[Your goal]:
Output only the stretch of the listing that starts at the line containing "Unidades tipo de" and ends at the line containing "黑龙江省哈尔滨市香坊区2017届九年级(上)期末物理试卷(解析版)", reproduced exactly with both ends.

[Information provided]:
##############################

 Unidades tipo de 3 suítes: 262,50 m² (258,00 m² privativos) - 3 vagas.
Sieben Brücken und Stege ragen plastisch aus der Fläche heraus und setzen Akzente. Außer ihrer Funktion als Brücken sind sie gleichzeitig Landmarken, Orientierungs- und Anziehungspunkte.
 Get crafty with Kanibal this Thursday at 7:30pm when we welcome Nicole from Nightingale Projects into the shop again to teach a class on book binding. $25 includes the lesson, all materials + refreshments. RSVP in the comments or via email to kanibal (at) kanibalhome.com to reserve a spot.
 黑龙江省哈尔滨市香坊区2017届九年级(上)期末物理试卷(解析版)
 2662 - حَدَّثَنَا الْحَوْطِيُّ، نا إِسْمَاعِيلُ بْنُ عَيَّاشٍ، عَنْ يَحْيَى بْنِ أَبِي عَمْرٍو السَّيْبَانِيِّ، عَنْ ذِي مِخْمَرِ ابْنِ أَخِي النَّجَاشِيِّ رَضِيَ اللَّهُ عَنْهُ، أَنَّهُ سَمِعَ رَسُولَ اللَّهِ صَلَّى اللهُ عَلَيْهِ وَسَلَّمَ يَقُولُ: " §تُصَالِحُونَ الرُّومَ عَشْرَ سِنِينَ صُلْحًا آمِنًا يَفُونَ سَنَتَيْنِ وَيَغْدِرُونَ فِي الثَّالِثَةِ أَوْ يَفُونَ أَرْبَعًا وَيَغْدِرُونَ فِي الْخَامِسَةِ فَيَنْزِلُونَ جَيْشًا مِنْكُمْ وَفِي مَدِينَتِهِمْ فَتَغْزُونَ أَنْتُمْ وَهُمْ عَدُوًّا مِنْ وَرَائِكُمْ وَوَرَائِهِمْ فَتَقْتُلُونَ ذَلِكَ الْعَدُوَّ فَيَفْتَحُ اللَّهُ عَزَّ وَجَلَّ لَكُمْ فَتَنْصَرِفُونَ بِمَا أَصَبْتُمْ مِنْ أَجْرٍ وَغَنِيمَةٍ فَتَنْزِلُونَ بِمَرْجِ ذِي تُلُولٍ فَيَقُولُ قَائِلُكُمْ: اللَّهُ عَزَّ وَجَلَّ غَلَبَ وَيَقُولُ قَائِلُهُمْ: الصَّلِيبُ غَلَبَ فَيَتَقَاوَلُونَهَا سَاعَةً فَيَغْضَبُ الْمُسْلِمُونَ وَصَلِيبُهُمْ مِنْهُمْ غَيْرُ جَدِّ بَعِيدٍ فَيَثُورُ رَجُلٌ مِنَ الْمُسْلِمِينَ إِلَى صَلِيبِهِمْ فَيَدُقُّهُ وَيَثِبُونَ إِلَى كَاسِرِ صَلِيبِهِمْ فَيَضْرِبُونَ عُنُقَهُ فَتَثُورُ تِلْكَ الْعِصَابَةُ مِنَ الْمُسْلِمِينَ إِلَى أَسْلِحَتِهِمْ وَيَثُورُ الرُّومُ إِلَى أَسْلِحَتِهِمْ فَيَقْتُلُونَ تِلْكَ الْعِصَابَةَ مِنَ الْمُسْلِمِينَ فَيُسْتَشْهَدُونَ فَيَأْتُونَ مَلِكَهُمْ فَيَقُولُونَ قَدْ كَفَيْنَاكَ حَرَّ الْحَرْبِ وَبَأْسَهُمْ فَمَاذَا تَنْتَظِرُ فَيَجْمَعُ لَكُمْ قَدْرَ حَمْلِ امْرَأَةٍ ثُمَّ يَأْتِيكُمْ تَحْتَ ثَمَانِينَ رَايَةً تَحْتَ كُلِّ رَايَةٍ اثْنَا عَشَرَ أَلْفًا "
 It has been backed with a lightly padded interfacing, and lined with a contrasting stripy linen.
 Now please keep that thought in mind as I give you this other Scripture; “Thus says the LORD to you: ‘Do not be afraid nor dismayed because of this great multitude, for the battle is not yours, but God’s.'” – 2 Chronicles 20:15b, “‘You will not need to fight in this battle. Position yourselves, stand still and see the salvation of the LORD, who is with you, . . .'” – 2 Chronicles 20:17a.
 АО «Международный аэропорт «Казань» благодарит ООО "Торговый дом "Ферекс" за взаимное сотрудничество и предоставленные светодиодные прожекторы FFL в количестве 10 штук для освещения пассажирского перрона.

##############################

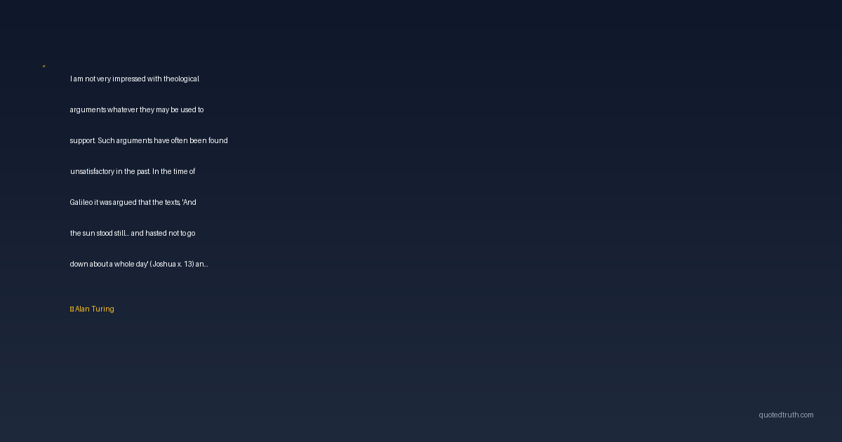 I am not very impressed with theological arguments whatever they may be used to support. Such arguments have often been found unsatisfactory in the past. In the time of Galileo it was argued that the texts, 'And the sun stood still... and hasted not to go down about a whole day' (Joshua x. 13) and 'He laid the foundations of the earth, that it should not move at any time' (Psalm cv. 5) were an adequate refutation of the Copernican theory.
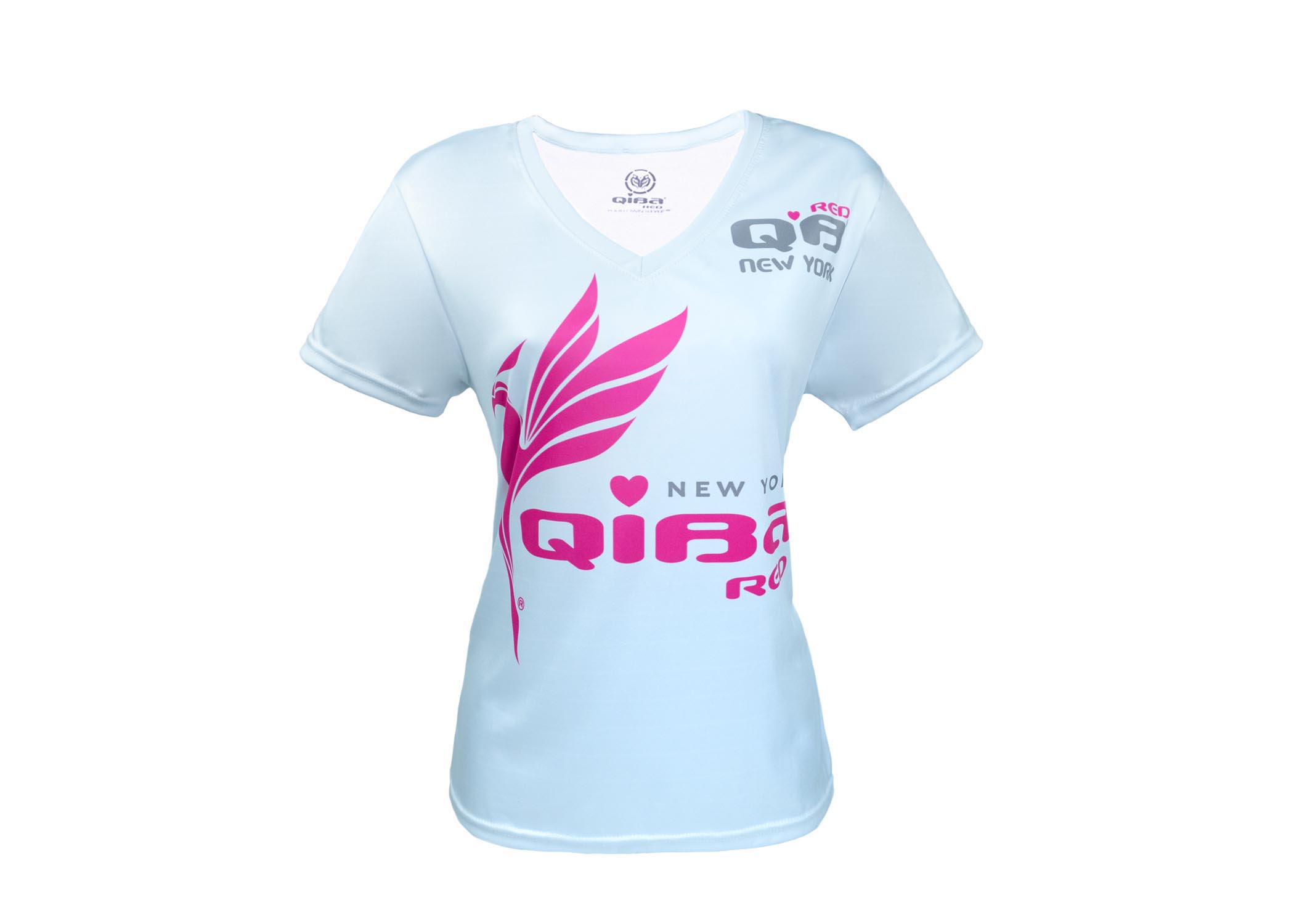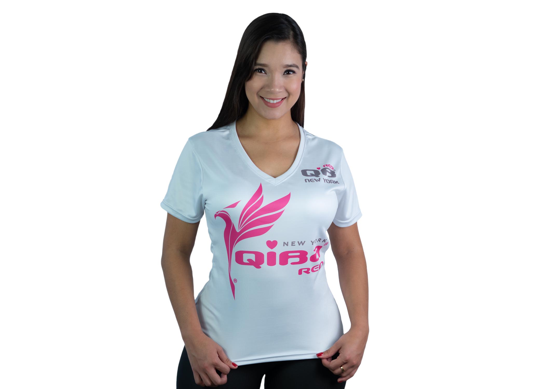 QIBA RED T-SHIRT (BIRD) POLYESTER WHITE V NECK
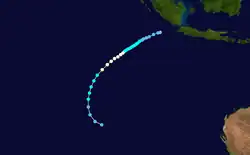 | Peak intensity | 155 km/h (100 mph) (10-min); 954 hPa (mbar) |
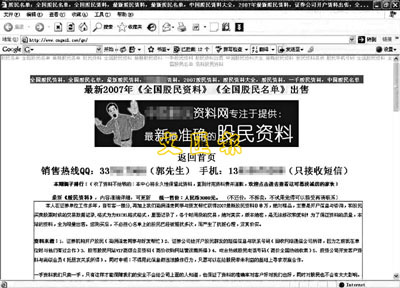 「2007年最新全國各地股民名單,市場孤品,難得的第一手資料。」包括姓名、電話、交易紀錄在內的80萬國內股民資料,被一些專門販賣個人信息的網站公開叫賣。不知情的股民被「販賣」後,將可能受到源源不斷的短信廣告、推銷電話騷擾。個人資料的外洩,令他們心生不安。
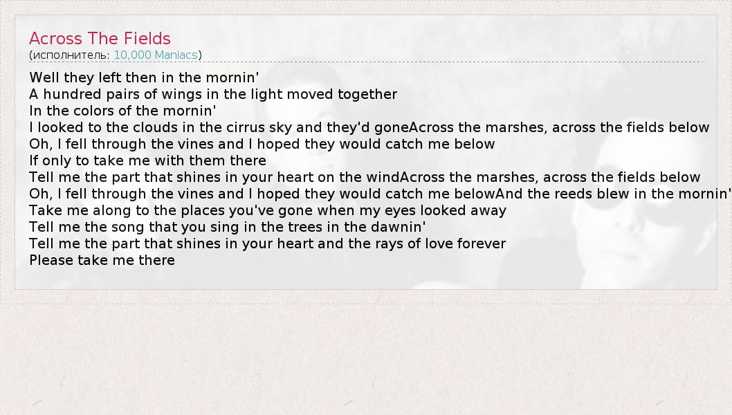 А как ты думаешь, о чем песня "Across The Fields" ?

##############################

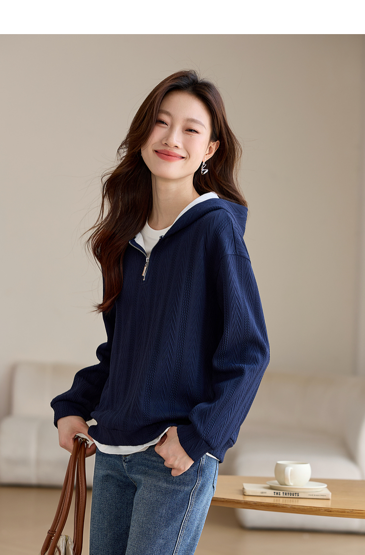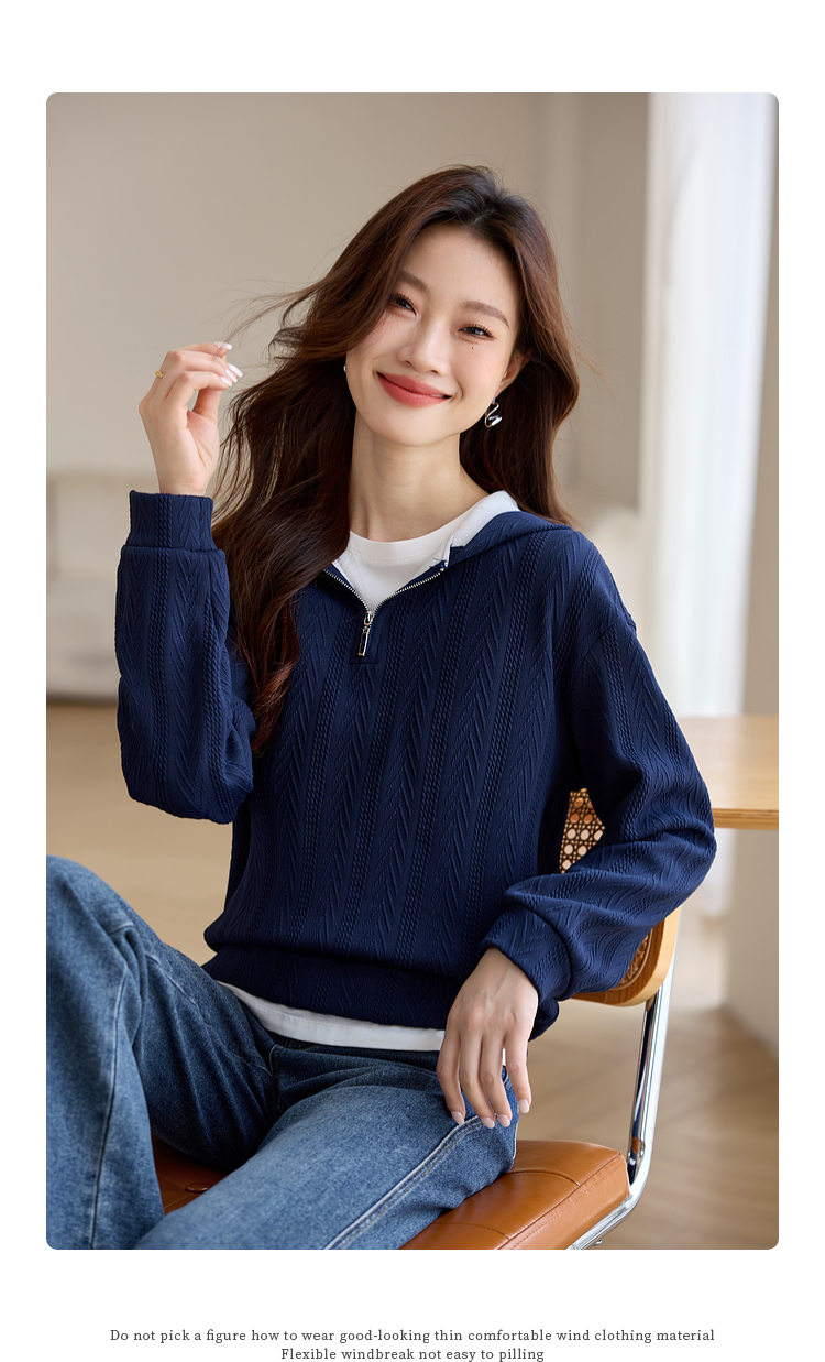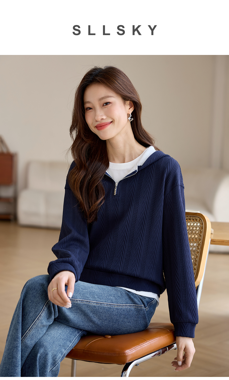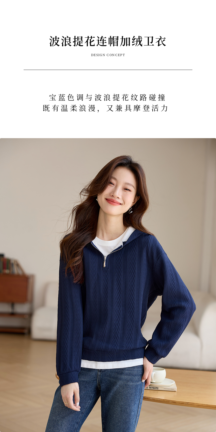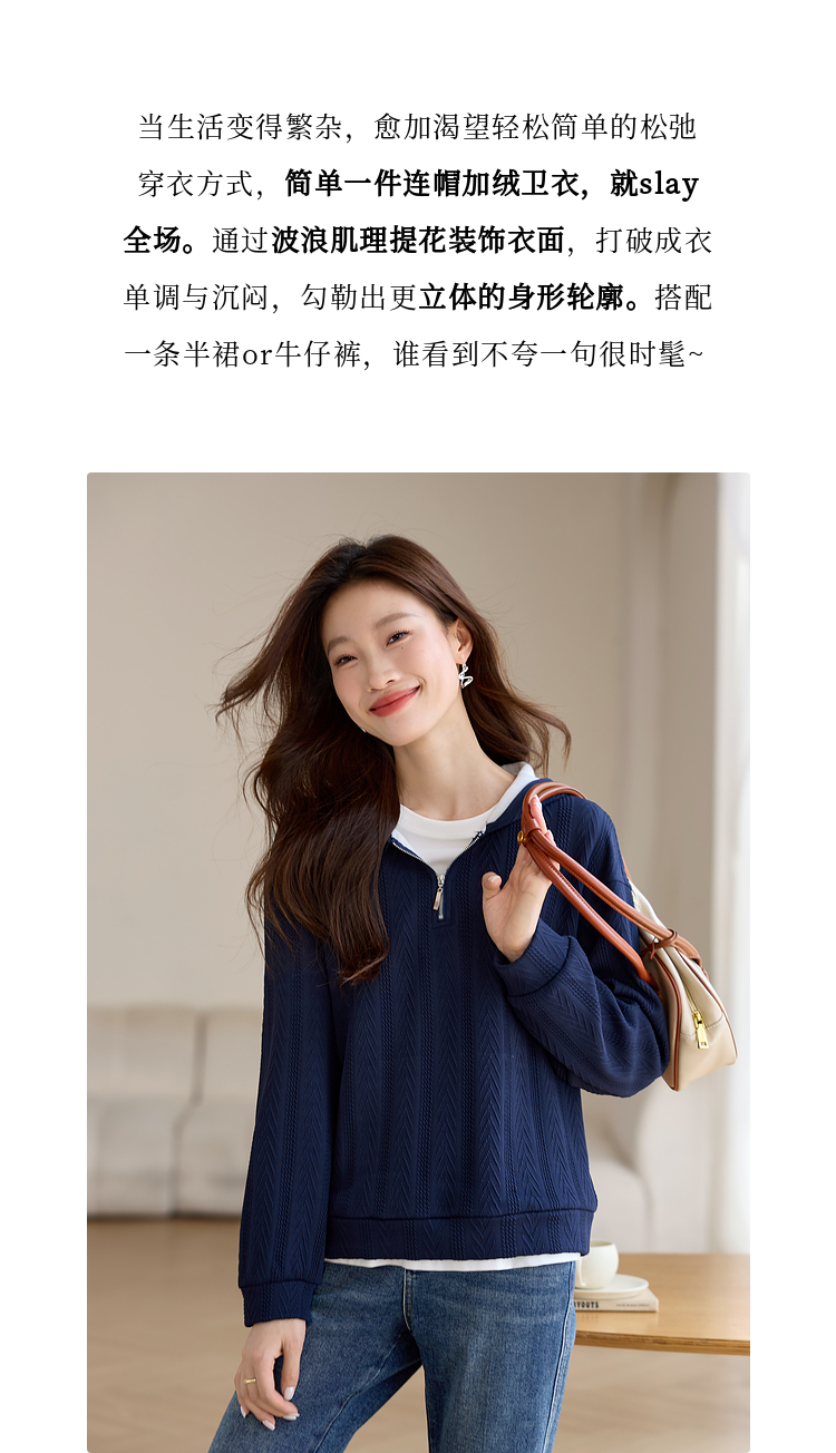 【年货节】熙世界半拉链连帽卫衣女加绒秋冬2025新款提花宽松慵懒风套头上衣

##############################

[Result of the exercise]:
 Unidades tipo de 3 suítes: 262,50 m² (258,00 m² privativos) - 3 vagas.
Sieben Brücken und Stege ragen plastisch aus der Fläche heraus und setzen Akzente. Außer ihrer Funktion als Brücken sind sie gleichzeitig Landmarken, Orientierungs- und Anziehungspunkte.
 Get crafty with Kanibal this Thursday at 7:30pm when we welcome Nicole from Nightingale Projects into the shop again to teach a class on book binding. $25 includes the lesson, all materials + refreshments. RSVP in the comments or via email to kanibal (at) kanibalhome.com to reserve a spot.
 黑龙江省哈尔滨市香坊区2017届九年级(上)期末物理试卷(解析版)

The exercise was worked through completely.